CVE-2026-47074 Overview
CVE-2026-47074 is an improper certificate validation flaw [CWE-295] in the ex_aws_sns Elixir library, which provides Amazon Simple Notification Service (SNS) bindings for the ExAws ecosystem. The ExAws.SNS.verify_message/1 function fetches the signing certificate from the SigningCertURL field of an incoming SNS message without confirming that the URL uses HTTPS or that the host belongs to an AWS-owned SNS certificate domain. An unauthenticated attacker can supply an attacker-controlled SigningCertURL, sign a forged SNS message with their own private key, and cause the verification function to return :ok. The issue affects ex_aws_sns from version 2.0.1 up to but not including 2.3.5.
Critical Impact
Attackers can bypass SNS signature verification entirely and inject forged messages into any endpoint that trusts verify_message/1, breaking the integrity assumptions of SNS-driven workflows.
Affected Products
- ex_aws_sns versions 2.0.1 through 2.3.4
- Elixir applications calling ExAws.SNS.verify_message/1
- Elixir applications relying on ExAws.SNS.PublicKeyCache.get/1 for SNS signature trust
Discovery Timeline
- 2026-05-28 - CVE-2026-47074 published to NVD
- 2026-05-28 - Last updated in NVD database
Technical Details for CVE-2026-47074
Vulnerability Analysis
The vulnerability resides in lib/ex_aws/sns.ex and lib/ex_aws/sns/public_key_cache.ex, specifically the routines 'Elixir.ExAws.SNS':verify_message/1 and 'Elixir.ExAws.SNS.PublicKeyCache':get/1. SNS signature verification depends on retrieving a trusted X.509 certificate that AWS publishes only at specific sns.<region>.amazonaws.com hosts over HTTPS. The vulnerable code instead trusts whatever URL appears in the message's SigningCertURL field. Because the message itself is attacker-controlled, the certificate used to validate the message is also attacker-controlled, which collapses the verification model.
Root Cause
The root cause is missing validation of the certificate source. verify_message/1 does not enforce that the SigningCertURL scheme is https and does not constrain the hostname to AWS SNS certificate domains. The PublicKeyCache.get/1 helper caches and returns whatever certificate is fetched from that URL. No pinning, allowlist, or hostname check exists between input parsing and cryptographic verification.
Attack Vector
An unauthenticated attacker who can reach an HTTP endpoint that forwards request bodies into ExAws.SNS.verify_message/1 crafts a JSON payload mimicking an SNS notification. The attacker hosts a self-signed certificate and corresponding private key on an attacker-controlled URL, places that URL in SigningCertURL, signs the message body fields with the matching private key, and submits the payload. The library fetches the rogue certificate, validates the attacker's signature against the attacker's public key, and returns :ok. Downstream code then processes the forged Subscribe, Notification, or UnsubscribeConfirmation message as if it originated from AWS.

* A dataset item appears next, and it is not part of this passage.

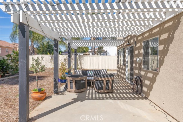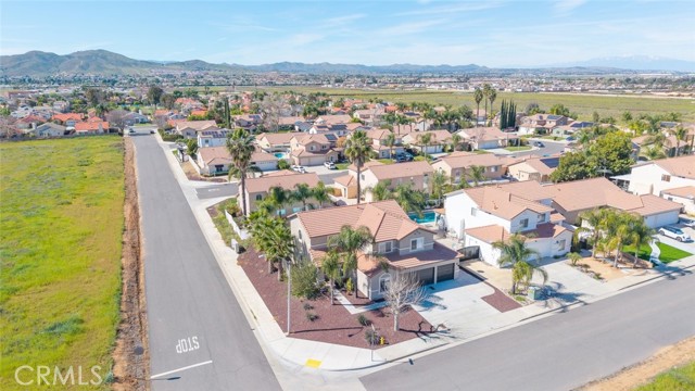 Don’t miss this incredible TURNKEY corner-lot home situated on a large lot with LOW LOW taxes and NO HOA! This beautifully upgraded 4-bedroom, 3-bath, 3-car garage residence delivers the perfect combination of style, comfort, and functionality, including a convenient main-floor bedroom and full bathroom ideal for guests, extended family, or a private office setup. From the moment you arrive, you’ll notice the exceptional curb appeal, manicured exterior, and clear pride of ownership that make this home stand out. Step inside to soaring ceilings, abundant natural light, and a bright, open layout thoughtfully designed for both entertaining and everyday living. Recent upgrades include newer interior and exterior paint, luxury wood flooring throughout the main living areas, brand-new carpet upstairs and on the staircase, and fully updated bathrooms featuring new plumbing, modern vanities, stylish lighting, new toilets, and updated blinds throughout. The formal living and dining rooms impress with dramatic volume ceilings and oversized windows that flood the space with natural light, creating an inviting atmosphere for gatherings or quiet evenings at home. The open-concept kitchen and family room provide a true great-room experience anchored by a cozy fireplace. The upgraded kitchen showcases quartz countertops, newer stainless steel appliances, oversized sink, ample cabinetry, walk-in pantry, and contemporary finishes that make both cooking and hosting effortless and enjoyable. Upstairs, the spacious primary suite retreat offers a private sitting area, separate soaking tub and shower, dual vanities, and a large walk-in closet designed for comfort and convenience. Two additional bedrooms are generously sized and share a well-appointed hallway bathroom with dual sinks and a tub/shower combo, making daily routines easy. Step outside to an expansive backyard featuring brand-new landscaping and a covered patio, creating the perfect setting for relaxing evenings, weekend BBQs, or entertaining. The corner-lot location adds privacy and flexibility, offering additional outdoor space and potential for personalization. Ideally located near schools, shopping, Menifee Marketplace, restaurants, parks, and quick access to the 215 freeway, this move-in ready home truly checks every box — upgrades, layout, location, and value. Homes with this level of care, features, and condition are rare, making this a fantastic opportunity you won’t want to miss.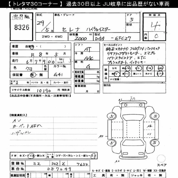 Статус выставлен на аукцион Лот 8326 Аукцион JU Gifu Дата аукциона 24.01.2026

No proof-of-concept code is published in the enriched data; technical details are documented in the GitHub Security Advisory GHSA-8jgf-23q5-x7xx and the CNA CVE-2026-47074 Details.
Detection Methods for CVE-2026-47074
Indicators of Compromise
- Inbound SNS-shaped POST requests containing a SigningCertURL whose host does not match sns.<region>.amazonaws.com or whose scheme is not https.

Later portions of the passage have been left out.